INSTRUCTIONS FOR THE TASK:
Everything from the line with "901 YELLOW/ BLACK" to the end of the entries should be set down exactly, except the pictures.

INFORMATION SHOWN:
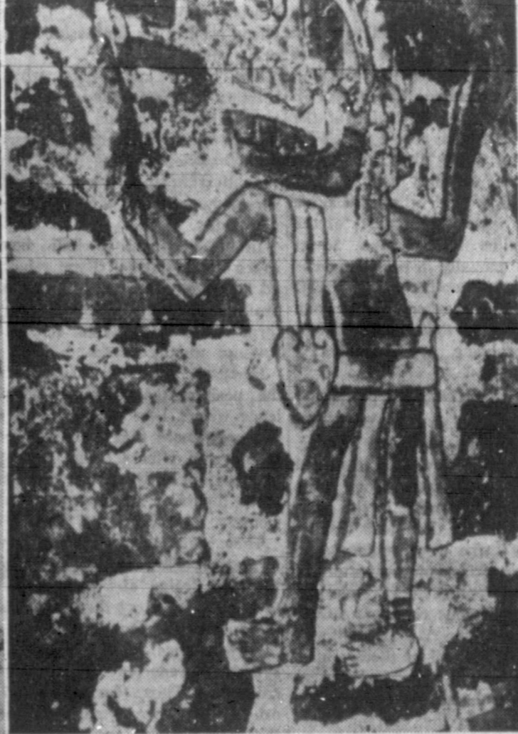
OLD STORY —Explorers in Zaachila, Oaxaca State, Mexico, have made excavations in the former capital of the ancient Zapotecan Indian empire for more information on pre-Conquest Mexican history. At left, a Zaachila church overlooks one of the excavated tombs of the old Zapotecan city which may date back to 1200 A.D. Niches in the walls were filled with human bones, indicating it may have been a mass burial ground. Stucco murals, done in many colors, are unlike any found in previous pre-Conquest ruins. At right, a stucco mural depicts an ancient Zapotecan deity.
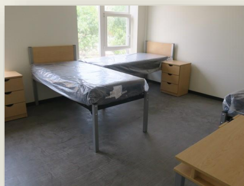
Existing Building Bedroom Furniture

For your safety, only authorized personnel are allowed to access the construction sites.
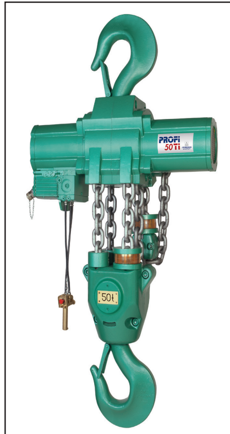
50 TI Air Chain Hoist pictured
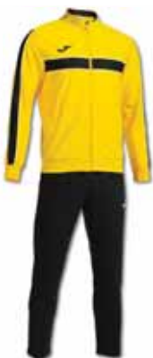
901 YELLOW/ BLACK
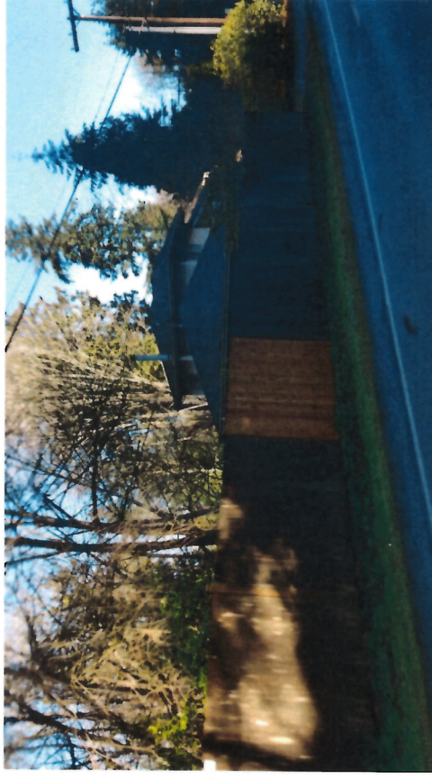
Similar height and location fences all along West Mercer Way
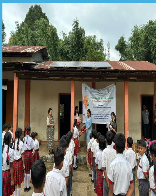
Painting & Essay competition at Upper Primary School, Umroi Madan
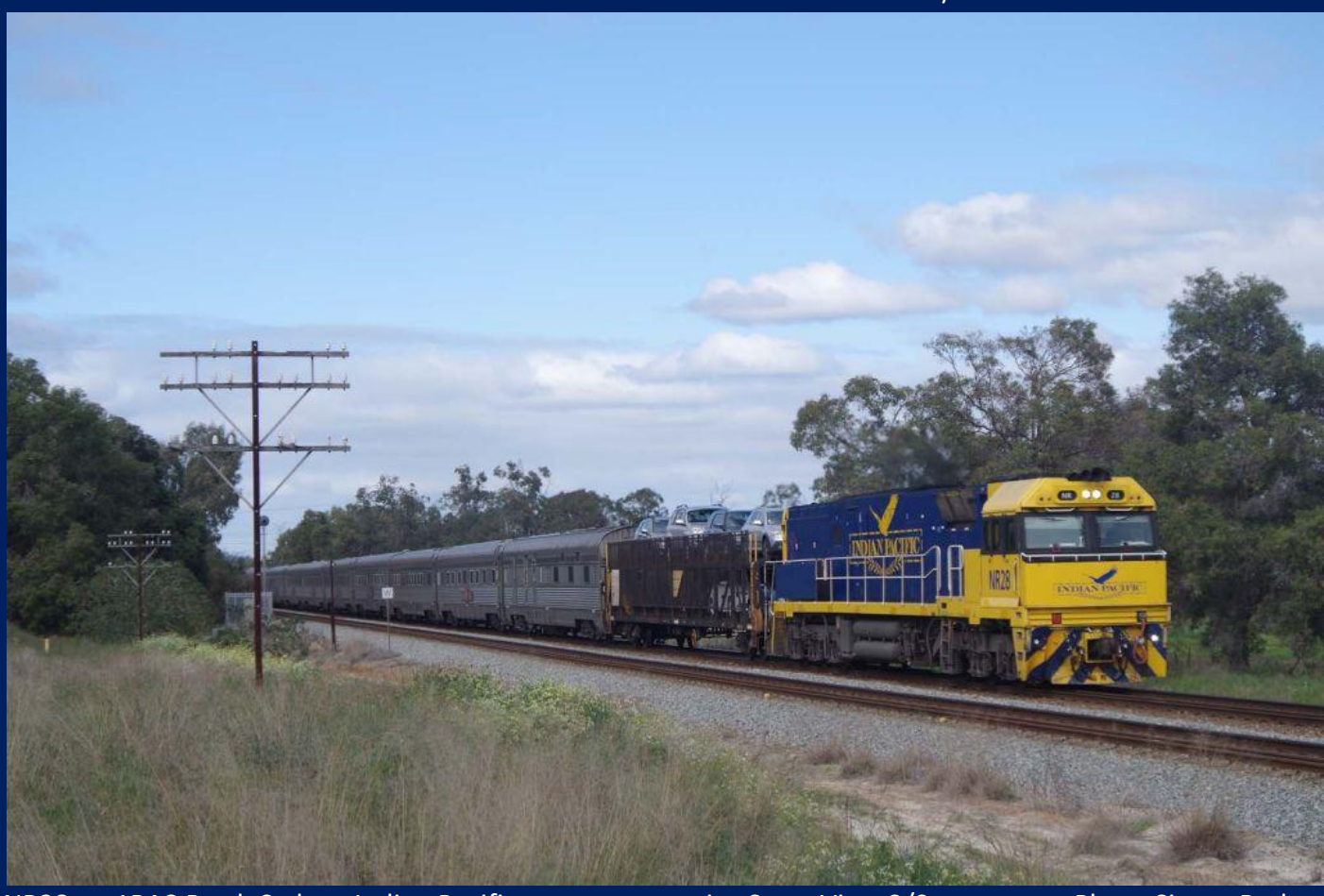
NR28 on 1PA8 Perth Sydney Indian Pacific passenger service Swan View 3/9.

TASK RESULT:
901 YELLOW/ BLACK
Similar height and location fences all along West Mercer Way
Painting & Essay competition at Upper Primary School, Umroi Madan
NR28 on 1PA8 Perth Sydney Indian Pacific passenger service Swan View 3/9.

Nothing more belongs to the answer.